1945—World War II Ends
At Reims, France, German General Alfred Jodl signs unconditional surrender terms, thus ending Germany's participation in World War II. Jodl is then arrested and transferred to the German POW camp Flensburg, and later he is made to stand before the International Military Tribunal at the Nuremberg Trials. At the conclusion of the trial, Jodl is sentenced to death and hanged as a war criminal. 1954—French Are Defeated at Dien Bien Phu
In Vietnam, the Battle of Dien Bien Phu, which had begun two months earlier, ends in a French defeat. The United States, as per the Mutual Defense Assistance Act, gave material aid to the French, but were only minimally involved in the actual battle.
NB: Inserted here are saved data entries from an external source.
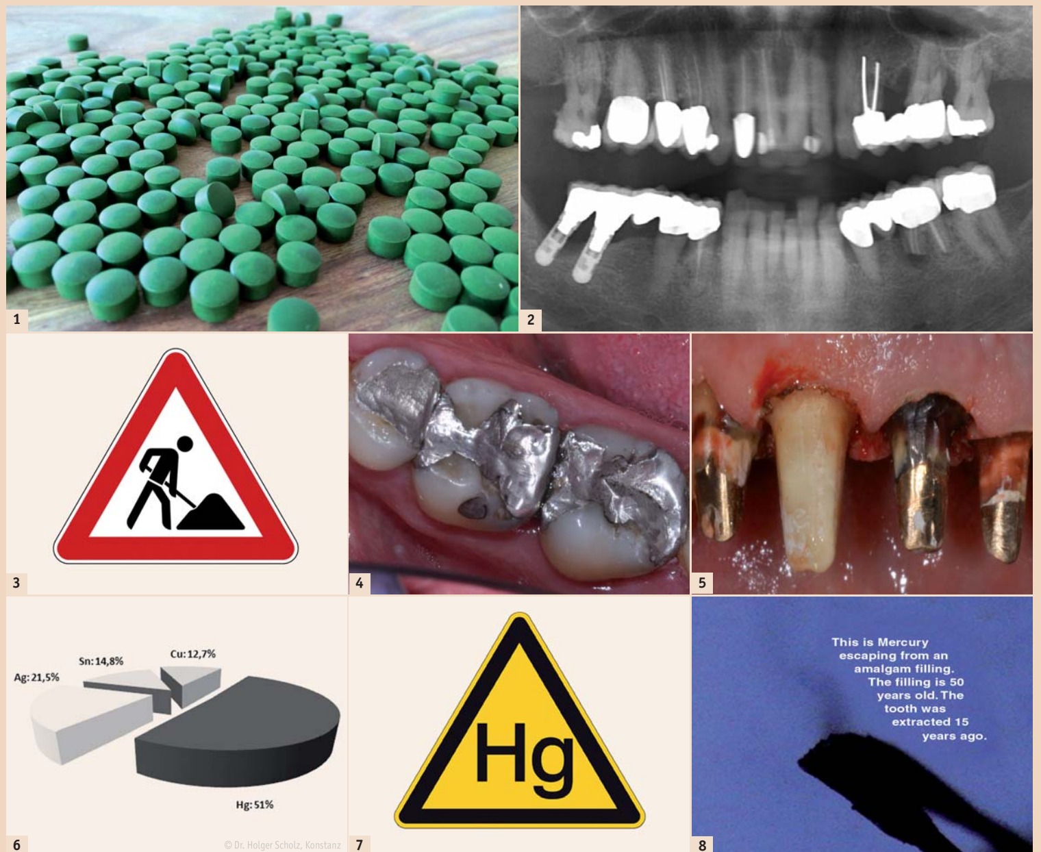
Abb. 1: Chlorella; Detoxwunder aus der Natur. – Abb. 2 und 3: Standard-Panoramröntgenaufnahme: Grossbaustelle für die Gesundheit. – Abb. 4 und 5: Alte Amalgamfüllungen und Metallstifte. – Abb. 6 und 7: Exemplarische Zusammensetzung einer Amalgamfüllung: 51% Quecksilber (Hg), 21,5 % Silber (Ag), 14,8 % Zinn (Sn) und 12,7 % Kupfer (Cu) (nach Herstellerangaben). – Abb. 8: www.uninformedconsent.org: Hg-Dampf aus 50 Jahre alter Füllung – dargestellt unter fluoreszierendem Licht.

Für verschiedene Metalle wie Quecksilber, Gold, Platin, Kupfer,
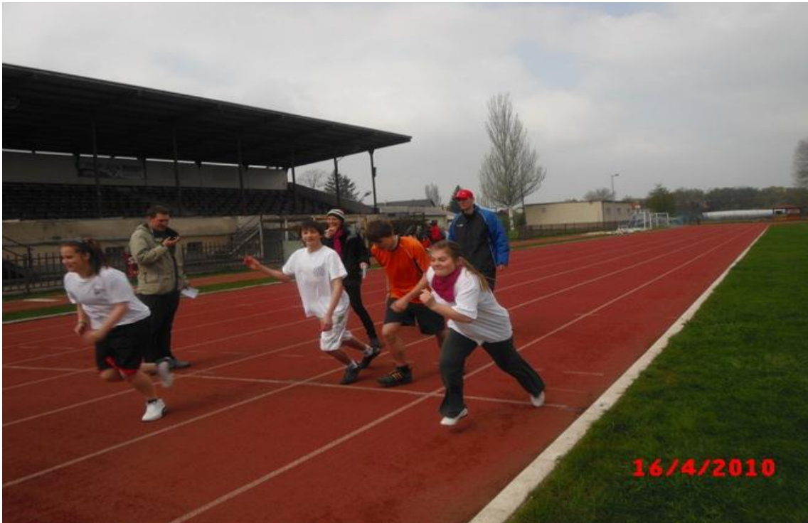
Zawody lekkoatletyczne na stadionie Bałtyk w Koszalinie
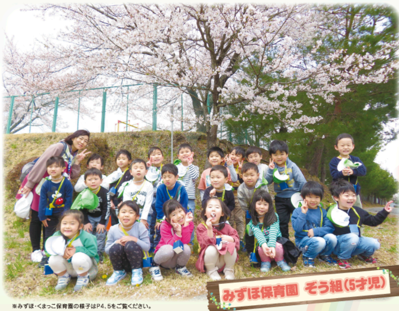
※みずほ・くまっこ保育園の様子はP4、5をご覧ください。
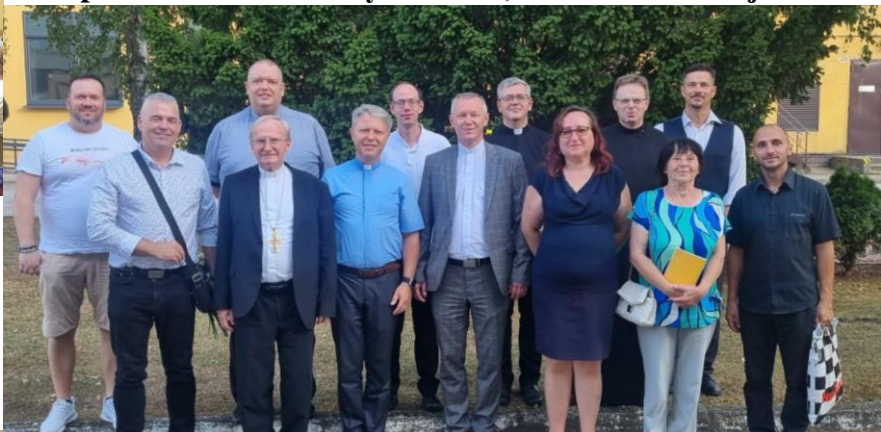
Foto: 18.8. Púť na zámok v Hlohovci. Túto púť prvýkrát zachytili pisatelia už v 18. storočí počas panovania rodu Erdődyovcov. Či už ide o púť alebo procesiu, tak chcem povedať, že sa ich zúčastňujú viacerí členovia nášho spoločenstva a tiež modlitebníci. Lebo my sme tu na tejto zemi len pútnici. Pútnici vo vyhnanstve, lebo naša vlasť je v nebi.

Zdroj: https://www.ordinariat.sk/oslava-patrocinia-sv-maximiliana-kolbeho-v-hrnčiarovciach/
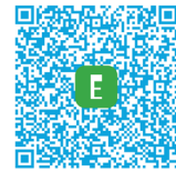
Fiche de prescription (partenaire)
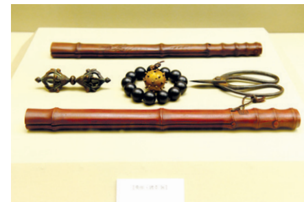
사진·유품 전시의 서용 스님 족비, 엄주
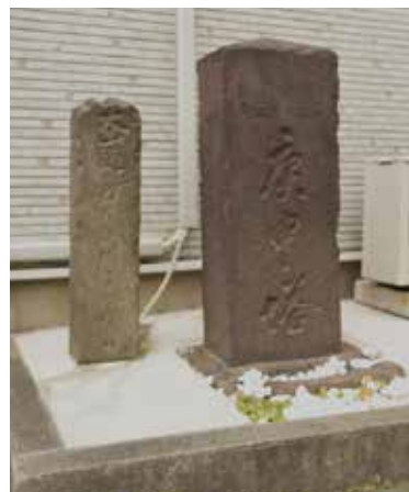
(左)大山道道標 (右)庚申塔

われ、江戸を始めとして関東各地に「富士講」が組織化され、吉田口や大宮口、須走口など各登山口を本拠として御師に導かれて盛んに登拝が行われたのである。 この道は、前野村や中台村を通って川越街道の下練馬宿(練馬区北町)にまで続いている。下練馬宿で「ふじ大山道」に入ると、先に進むと田無(西東京市)を経て甲州街道と交差する。富士山へはここから甲州街道を旅して大月を経由して吉田に入り、大山へはそのま
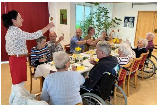
...die monatlichen Geburtstagsfeiern sind besondere Highlights...
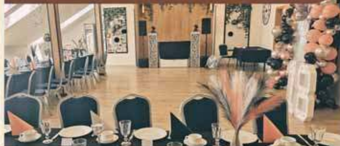
Sala LoVe 50 osób
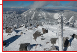
Mさんに写めしたら気に入って携帯の待ち受けに使ってくれました
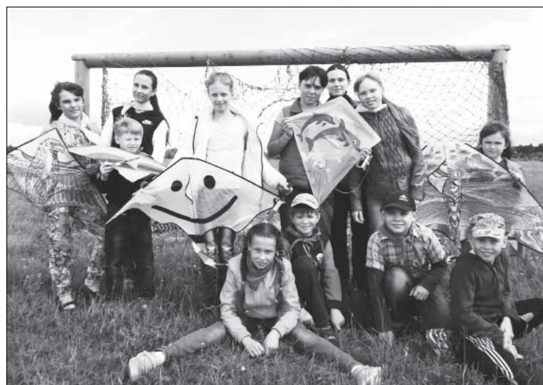
Воздушные змеи готовы к запуску.

ке по очистке берега Ваги. День индейцев, Минута славы, игра «Форд-Боярд», День Нептуна, бенефис Бабы-Яги, конкурс рисунков, дискотека, день самоуправления и множество других мероприятий сделали детский отдых незабываемым.

By 1961, however, American troops would begin arriving in droves, and within several years the U.S. would be fully embroiled in war. 1937—The Hindenburg Explodes
In the U.S, at Lakehurst, New Jersey, the German zeppelin LZ 129 Hindenburg catches fire and is incinerated within a minute while attempting to dock in windy conditions after a trans-Atlantic crossing. The disaster, which kills thirty-six people, becomes the subject of spectacular newsreel coverage, photographs, and most famously, Herbert Morrison's recorded radio eyewitness report from the landing field. But for all the witnesses and speculation, the actual cause of the fire remains unknown. 1921—Chanel No. 5 Debuts
Gabrielle Bonheur "Coco" Chanel, the pioneering French fashion designer whose modernist philosophy, menswear-inspired styles, and pursuit of expensive simplicity made her an important figure in 20th-century fashion, introduces the perfume Chanel No. 5, which to this day remains one of the world's most legendary and best selling fragrances. 1961—First American Reaches Space
Three weeks after Russian cosmonaut Yuri Gagarin became the first human to fly into space, U.S. astronaut Alan Shepard completes a sub-orbit of fifteen minutes, returns to Earth, and is rescued from his Mercury 3 capsule in the Atlantic Ocean. Shepard made several more trips into space, even commanding a mission at age 47, and was eventually awarded the Congressional Space Medal of Honor.